Practical Considerations

Gradient descent is elegant in theory but requires care in practice. The gradient assumes small steps — take too large a step and the linear approximation breaks down. Exploding gradients can send parameters to infinity; gradient clipping caps the maximum gradient magnitude to prevent this.

Vanishing gradients are the opposite problem: in deep networks, gradients can shrink exponentially as they backpropagate, leaving early layers unable to learn. Careful initialisation, normalisation techniques like batch norm, and architectures with skip connections all help mitigate this.

Regularisation adds terms to the loss that penalise large weights, preventing overfitting. This changes the loss landscape, typically making it smoother and easier to optimise.

Gradient descent is beautiful in its simplicity: follow the slope downward, adjust how big your steps are, and eventually you'll find a valley. Yet from this simple principle emerges the capacity to learn almost anything from data.
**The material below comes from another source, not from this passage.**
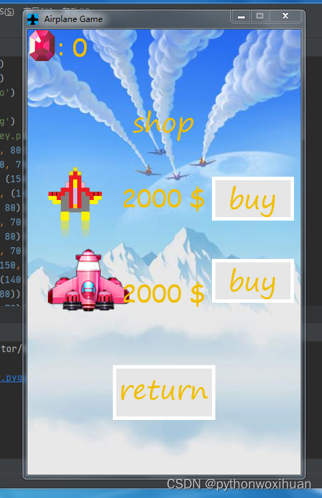 def Shop_sr():screen.blit(shop_sr_plane, (30, 200))screen.blit(shop_ssr_plane, (30, 320))price_sr = font1.render('2000 $', True, (240, 190, 0))price_w, price_h = font1.size('2000 $')screen.blit(price_sr, (200 - price_w/2, 245.5 - price_h/2))price_ssr = font1.render('2000 $', True, (240, 190, 0))price_ww, price_hh = font1.size('2000 $')screen.blit(price_ssr, (200 - price_ww / 2, 385 - price_hh / 2))pygame.draw.rect(screen, 'white', buy_sr)pygame.draw.rect(screen, (230, 230, 230), buy_sr2)pygame.draw.rect(screen, 'white', buy_ssr)pygame.draw.rect(screen, (230, 230, 230), buy_ssr2)font_buy1 = font3.render(word_sr_buy, True, (240, 190, 0))font_buy2 = font3.render(word_ssr_buy, True, (240, 190, 0))width1, height1 = font3.size(word_sr_buy)width2, height2 = font3.size(word_ssr_buy)screen.blit(font_buy1, (270 + (120 - width1) / 2, 215.5 + (64 - height1) / 2)) # 215.5, 335screen.blit(font_buy2, (270 + (120 - width2) / 2, 335 + (64 - height2) / 2))coin_surface = font1.render(' : ' + str(coin), True, (240, 190, 0))screen.blit(coin_surface, (0, 0))sr_stop = False

When you train a neural network, remember that beneath all the abstractions, parameters are simply sliding down a mathematical surface, one tiny step at a time. Millions of numbers, adjusting themselves to predict just a little better than before. That's the engine of machine learning, and understanding it gives you the power to build, debug, and improve it.